42.慈悲と愛の光 2018/09/22 (土)

1 先月、長年の顧客である僧職の方がご相談にいらっしゃいました。守秘義務の関係で
 詳しい内容は説明できませんが、相談は亡くなられた息子さんのお嫁さんとの間の紛争に
 関するもので、問題の根底にはそのお嫁さんに対する激しい怒りと憎しみがありました。
 紛争案件にはよく見受けられることです。


2 ただ、私からすると、お嫁さんも、訴訟の前段階である調停手続で、事実関係に関する
 かなり詳しい陳述書を提出されて、何とか私の依頼者に理解を求めようと、ある程度誠意の
 ある対応をされているように思いました。
  そこで、私は、依頼者に対して、「相手にも事情があるので、自分のことばかりを一方的
 に考えるのではなく、今抱いている怒りや憎しみはもう全て捨てて下さい。もし捨てることが
 できないのならば、もうその感情には拘らないようにして下さい。怒りや憎しみに囚われてい
 ては、いつまで経っても紛争を解決することはできません。
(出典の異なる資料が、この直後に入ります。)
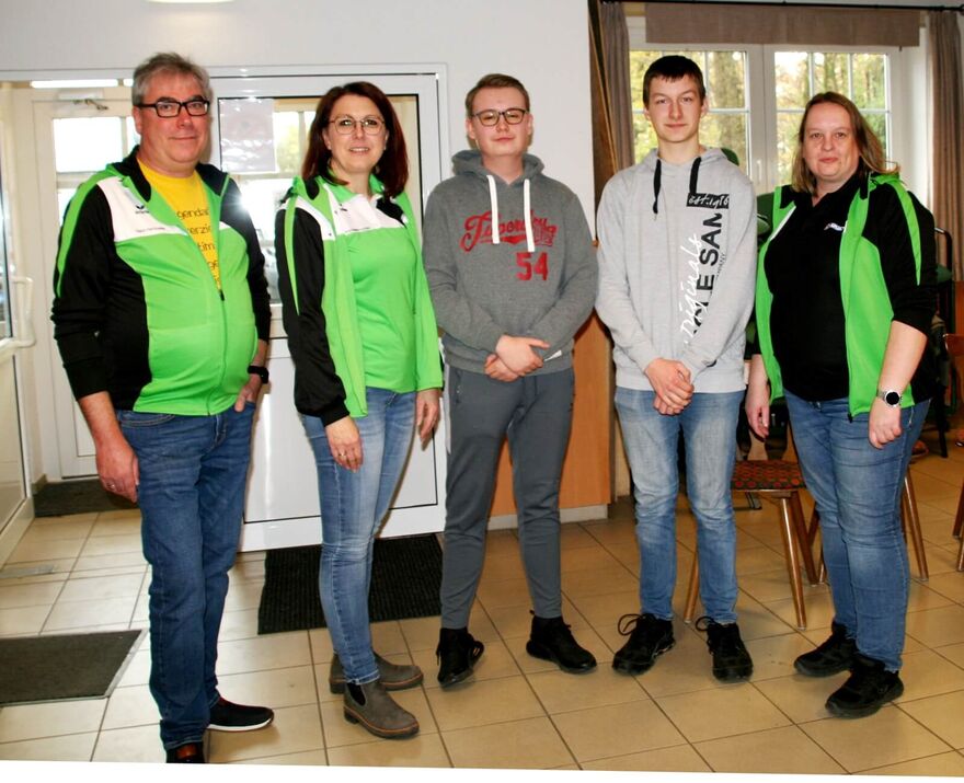 Nach der Wahl der BZ-Jugendsprecher, ein Bild mit den beiden Jugendsprechern Justus Plenge vom SV Kirchdorf u. sein neuer Stellvertreter Fiete Pohl vom SV Rehden mit Gerd Harzmeier, Anja Klanke-Luzniack u. Britta Löhmann. (von links)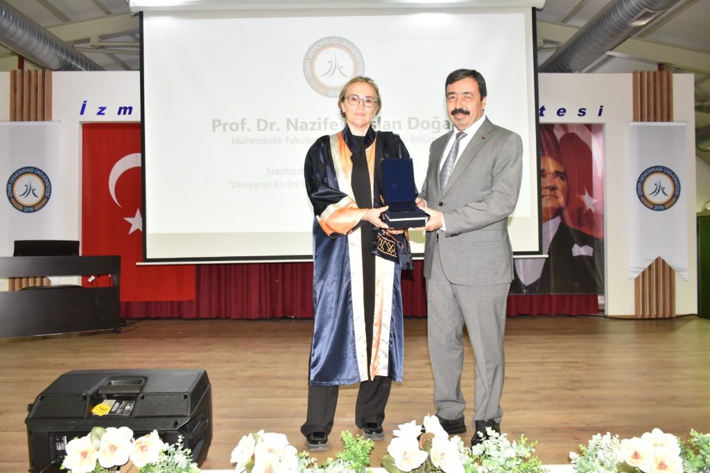 - Mühendislik Fakültesi İnşaat Mühendisliği Bölümü Öğretim Üyesi Prof. Dr. Nazife Eraslan Doğan’ın plaketini İzmir Kâtip Çelebi Üniversitesi Rektörü Prof. Dr. Saffet Köse,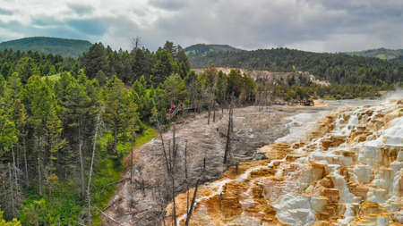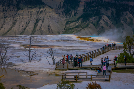 YELLOWSTONE, MONTANA, USA MAY 24, 2018: Above view of unidentified tourists walking in the horiznot over a boardwalk in Mammoth Hot Springs,Yellowstone National Park
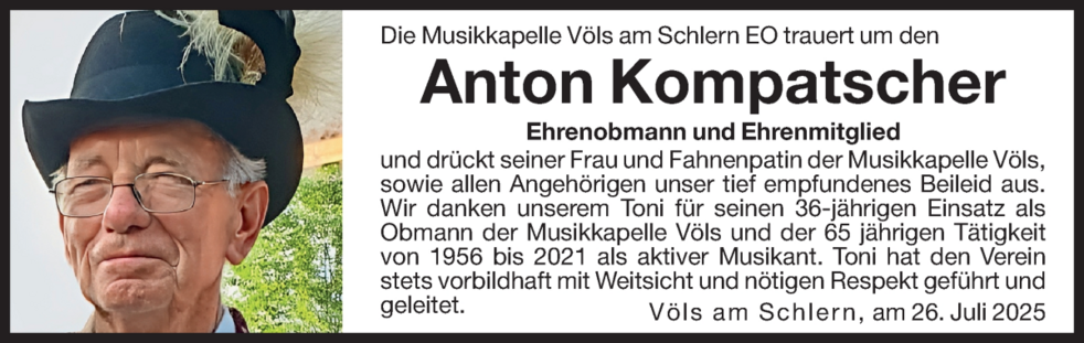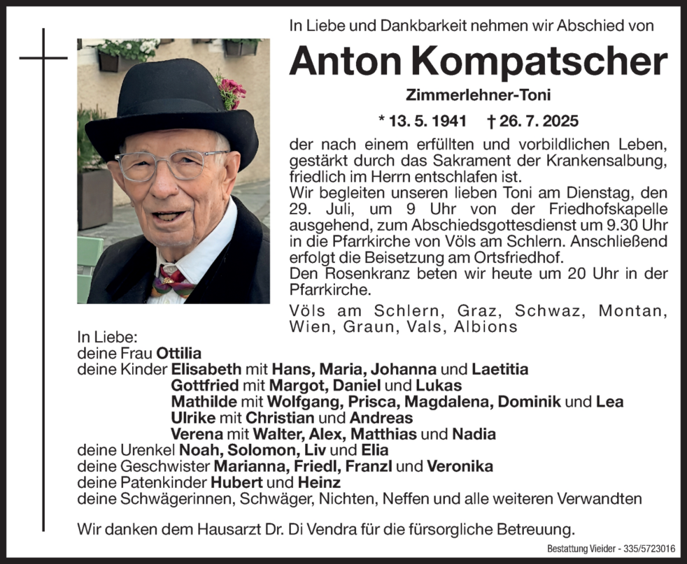 Wir begleiten unseren lieben Toni am Dienstag, den 29. Juli, um 9 Uhr von der Friedhofskapelle ausgehend, zum Abschiedsgottesdienst um 9.30 Uhr in die Pfarrkirche von Völs am Schlern. Anschließend erfolgt die Beisetzung am Ortsfriedhof.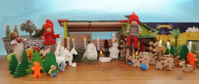 Voici en image la crèche de la famille Parmentier avec les personnages fabriqués par Bleuenn et Nicéphore.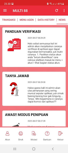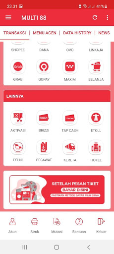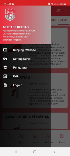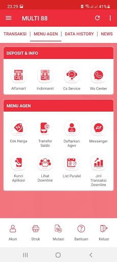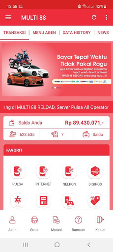 Multi 88 Android Application est une application mobile gratuite pour les fidèles Multi 88 membres où qu'ils soient. Cette application vous permet de faire diverses transactions telles que la charge complémentaire, l'achat de jetons électriques, des paiements de factures postpayés, des bons de jeu d'achat, etc. avec cette application, vous pouvez facilement vérifier les derniers prix d'impulsions, voir Récape Sur l'historique des transactions, l'historique change votre solde, votre activité de réseau de descendance, chatter avec le service à la clientèle, etc.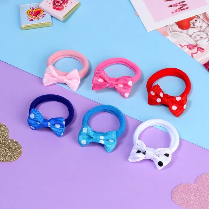 Резинки для волос «Бантик», набор 6 шт., горошек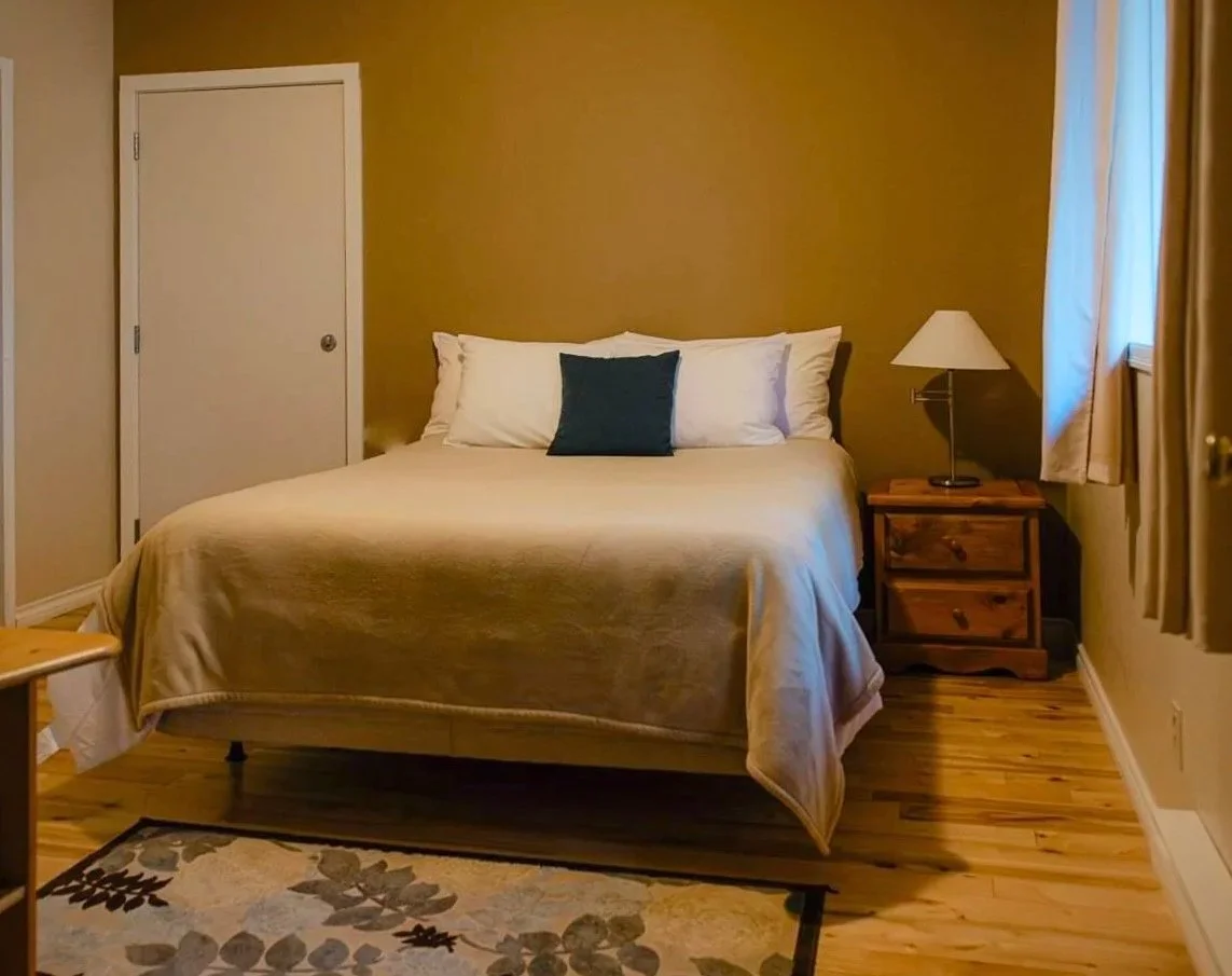 Tucked away in the trees, this cozy private stay offers a quiet retreat for one. Featuring a queen bed and an en-suite bathroom, it’s the perfect sanctuary for rest, reflection, and solitude.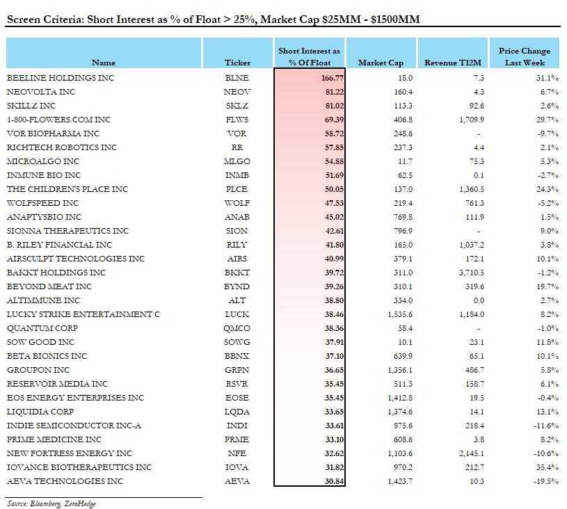 有业内人士对微型和小型公司进行了筛选,这些公司空头头寸占自由流通股比例均超过了25%。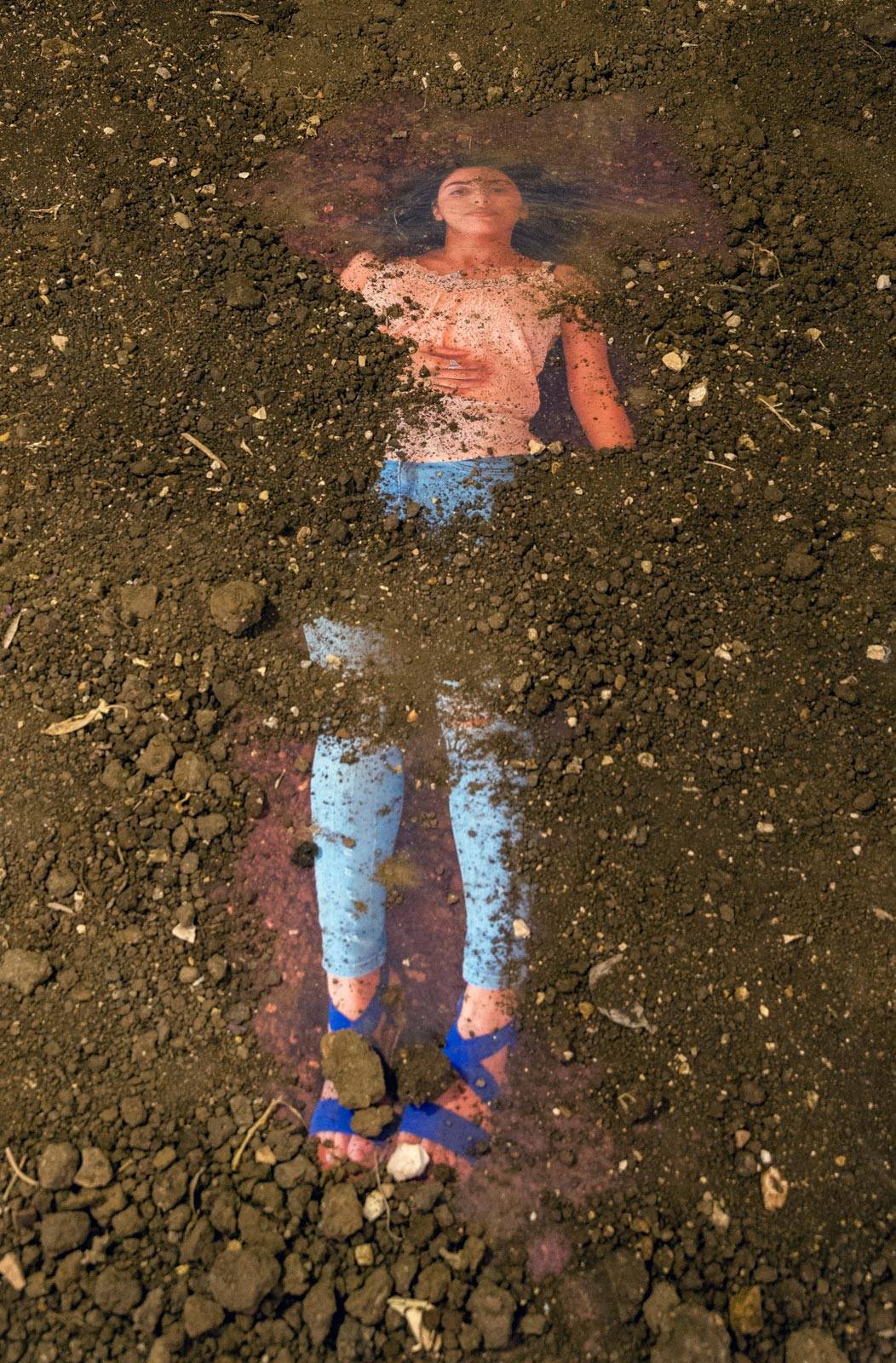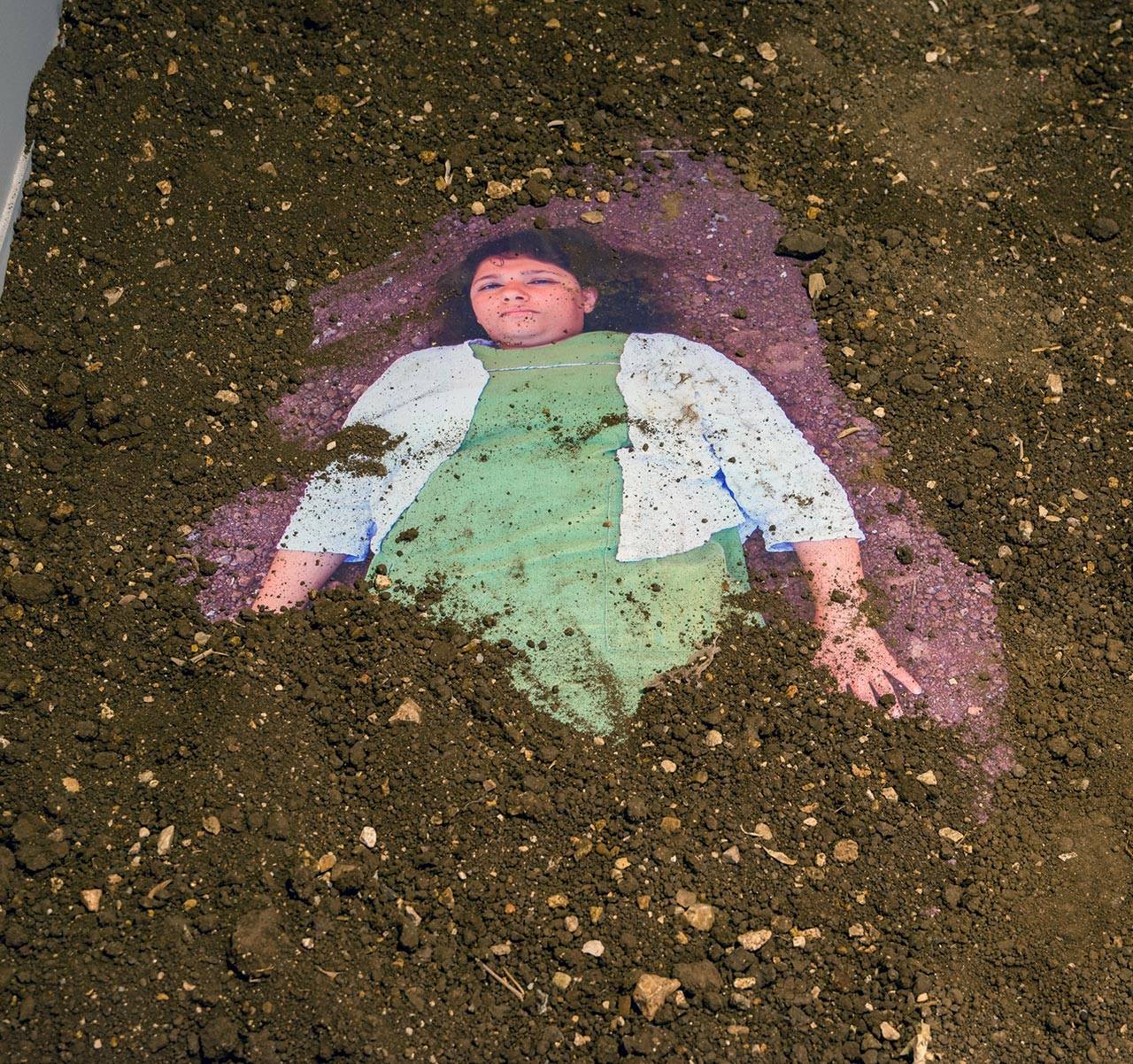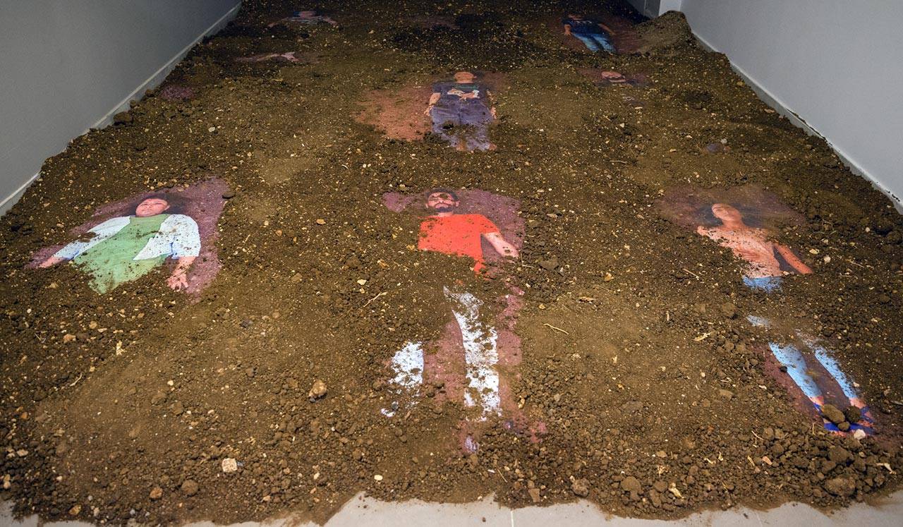 הצילומים מודבקים על הרצפה ומשתרעים בחלל, ערימות של אדמה מפוזרות על פני הדמויות, חלקן מכוסות וחלקן נגלות. המבקרים מוזמנים להיכנס לחלל לעבר הצילומים, לדרוך על העבודות להתבונן, ולהיות חלק מהמיצב.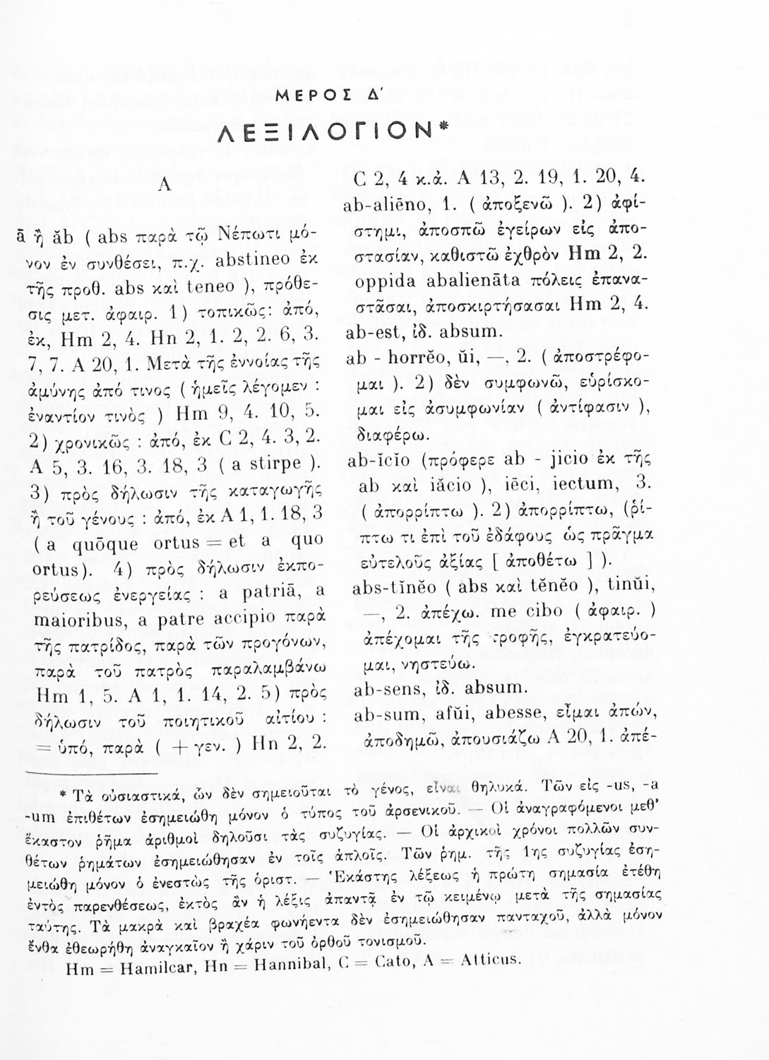 Σχολικό εγχειρίδιο Λατινικών Ε' Γυμνασίου που περιέχει σύντομο βιογραφικό σημείωμα του Νέπωτα, αποσπάσματα από τα έργα Αμίλκας, Αννίβας, Κάτων και Αττικός, ιστορικό και γεωγραφικό πίνακα και λεξιλόγιο. Ο συγγραφέας ήταν καθηγητής της Λατινικής Φιλολογίας στο Πανεπιστήμιο Αθηνών. Φέρει το σύμβολο της δικτατορίας.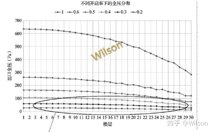 牟飞等人为了佐证自己的观点,通过CFD仿真模拟,对公共烟道排烟系统进行研究,假设每一楼层烟机最大的排风量为500立方米每小时,下图表示了各楼层油烟机不同开启率下不同楼层的公共烟道压力分布。有如下两个结论: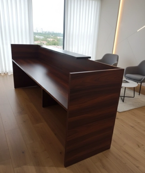 ייצור דלפקים בהתאמה אישית. דלפק קבלה בגימור מלמין יצוק עובי 28 מ"מ, מידות רבות לבחירה גובה כללי 110,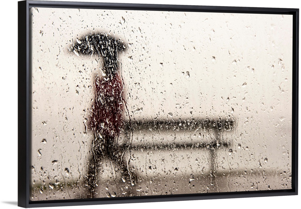 <p>A man walking with an umbrella against a rain streaked window.</p>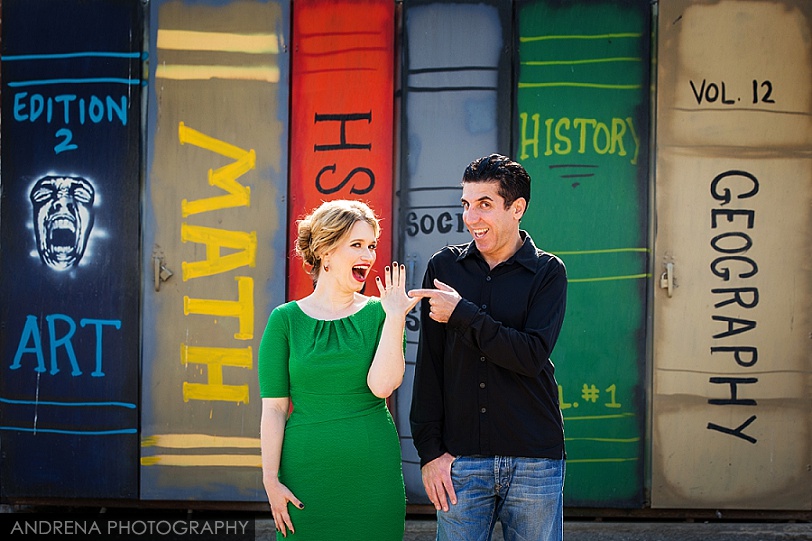 The reception took place in the Ritz-Carlton Pacific Promenade Ballroom, which is a lovely room for a party as it provides privacy and some wonderful ocean views just outside the building. The reception was a lovely affair with a fabulous Horah followed by a wedding feast, more dancing and then benching (a set of Hebrew blessings). The Horah is traditionally danced to Hava Nagila and can go on for an hour or more. I’ve always thought the key was to completely exhaust the bride and groom, but the endless dancing is really just to celebrate the joy of the couple’s wedding. It’s every photographer for herself (or himself) while trying to photograph a Horah, and most experienced Jewish wedding photographers agree that a perch atop a ladder provides the best vantage point. I’ve included one of my favorite engagement photos of Deborah and Sean at the end of this post. Sadly, that beautiful painting of textbooks is now gone, having been replaced by a sad shade of solid gray paint.

〇〇さんの人生にとって本当に
 大切なものは何なのか? その人生の中で、現在抱えているトラブルはどのような位置付けに
 なるのか? 考えてみて下さい。トラブルは、私に相談をして頂ければ必ず合理的に解決でき
 ます。いつまでも、怒りや憎しみに囚われていては、いい人生を過ごすことはできませんよ。」
 と、かなり強く説得しました。
  私が、日頃から人の心に向き合っておられ、しかも私よりも年輩の僧職にあられる方に対して、
 このようなことを言うのも失礼なことだとは思いますが、人間は自分がトラブルに巻き込まれて
 しまうと、なかなか冷静な対応ができない場合もあるものです。
  私は、いつも、これまでの自分の知識と経験をもとに、依頼者の皆様の人生にとって何が
 本当に大切で、そのためにはどうするのが一番良いかを考えて、率直に紛争解決のための
 アドバイスと行動を行います。勿論、私の意見に反発を感じられる方もいらっしゃいますが、
 私は依頼者の皆様の幸せと世の中の調和を目指すことが自分の使命であると考えていますので、
 このような観点から自分の見解ははっきりと言うようにしています。


3 そうしたところ、依頼者の方が、突然、「先生、先生の後ろの壁に飾られている絵から、
 光が射して照らされているように感じます。」と言われました。
  壁に飾ってある絵は、ブログNO.19で取り上げた鶴田一郎さんの「光り有り」という作品で、
 女性の顔であたかも金色の観音様がこちらに優しく微笑みかけているように見えるものです。
 展示会場でこの絵をひと目見て購入を決めたのも、浄土真宗でいえば世界を遍く照らす阿弥陀仏の
 慈悲と無限の光、キリスト教でいうなら神の偉大な光、特定の宗教と関係なく言えば宇宙真理、
 something greatの偉大な光、それも強烈に輝く眩しい光ではなくて、慈悲と愛を持って私たちの
 心や人生を優しく包み込む光を感じたからでした。
  この絵を事務所の相談室に飾ることで、依頼者や交渉相手の方々をはじめ、私や事務所の
 スタッフも慈悲と愛を感じることができて、紛争解決と世の中の調和を目指すという当事務所
 の目的達成と存在意義が少しも高まればいいなと思っていました。
  今回の依頼者の方は僧職で、やはりこうしたことに感受性が強いのか、この絵を見て、まさに
 私が考えていることと同じ感想を述べらました。そして、その気付きもあってか、今後は怒りや
 憎しみをできるだけ捨てて、事案の合理的な早期解決を目指す方向に「少しは」理解を示されました。
  芸術の力は、時に人生への対応も変えてくれます。